Ayende @ Rahien

Oren Eini aka Ayende Rahien CEO of Hibernating Rhinos LTD, which develops RavenDB, a NoSQL Open Source Document Database.

You can reach me by:

oren@ravendb.net

+972 52-548-6969

Posts: 6,927 | Comments: 49,411

filter by tags archive
time to read 10 min | 1985 words

imageA couple of weeks ago I started to talk about the implementation details of building a persistent data structure in RavenDB. As it turns out, I had some evenings available and I was able to sit down and actually write out the code for it. The current state of things is that a few tests work and the overall structure is in place. I run into some hurdles along the way, which is why I preferred to wait till I have something at hand before writing about it.

Please note, I’m going to be doing a lot of low level talk here. Mostly about how we allocate space and manage bits and bytes in Voron. If you aren’t interested in such details, you can skip all the gory stuff and get to the design details.

If you want to go straight for the code, you can find it here. Just note that this version has been created as a proof of concept and hasn’t yet been through the same process we usually take our code through.

The first thing to understand is what I’m trying to write. The reason I need this data structure is for my series about writing search engines. That means that I want to use this to store posting lists. But given my experience with building such systems, I know that there are quite a few different use cases that I need to cover. A posting list is the list of documents matching a term in a search index.

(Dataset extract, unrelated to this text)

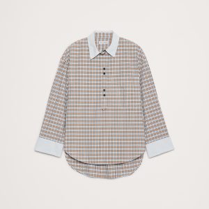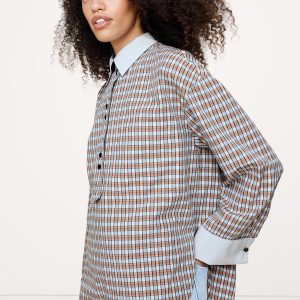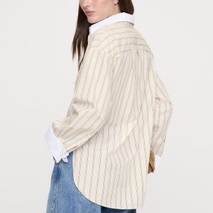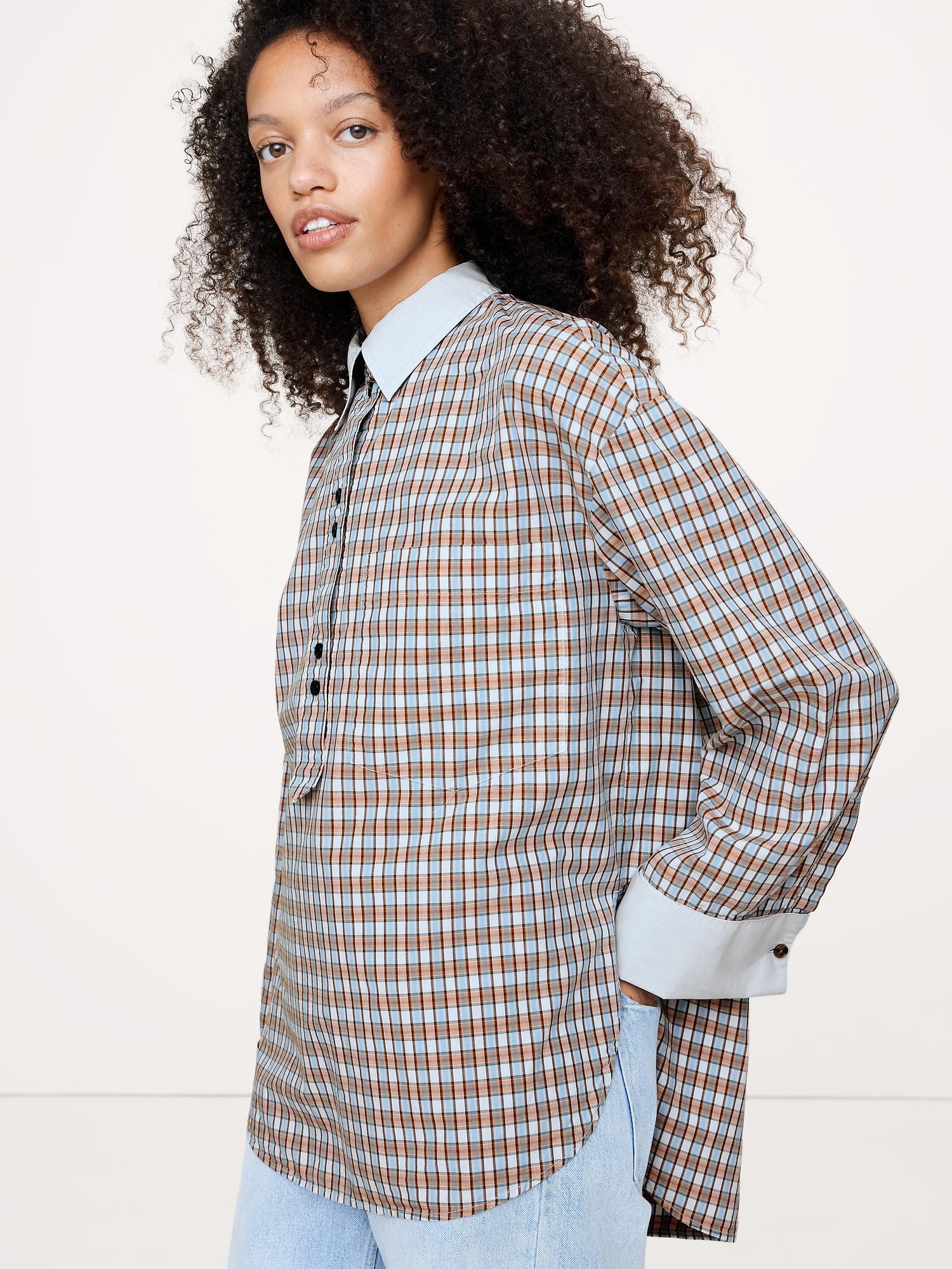 Also known as a \”Banker collar\” shirt, we reimagined this classic silhouette with its distinctive contrast collar and cuffs as an oversized tunic, in our signature 100% cotton poplin.

Let’s consider a few examples, shall we?

The above represent fields and values for fields in a full text search index. There are a few things to note. We can usually assume that the Email field will be unique or nearly so. In other words, the number of documents where the Email field will match oren@example.com is going to be one (or very nearly so). This is a very frequent scenario when indexing data and it deserves optimal behavior.

The Hobbies field, however, is very different. Quite a few people likes Dogs, for example, so we can assume that we’ll have a lot of documents that are matched to this term. That mean that we need to optimize for very large number of matches, the exact opposite of how we need to behave for the Email field.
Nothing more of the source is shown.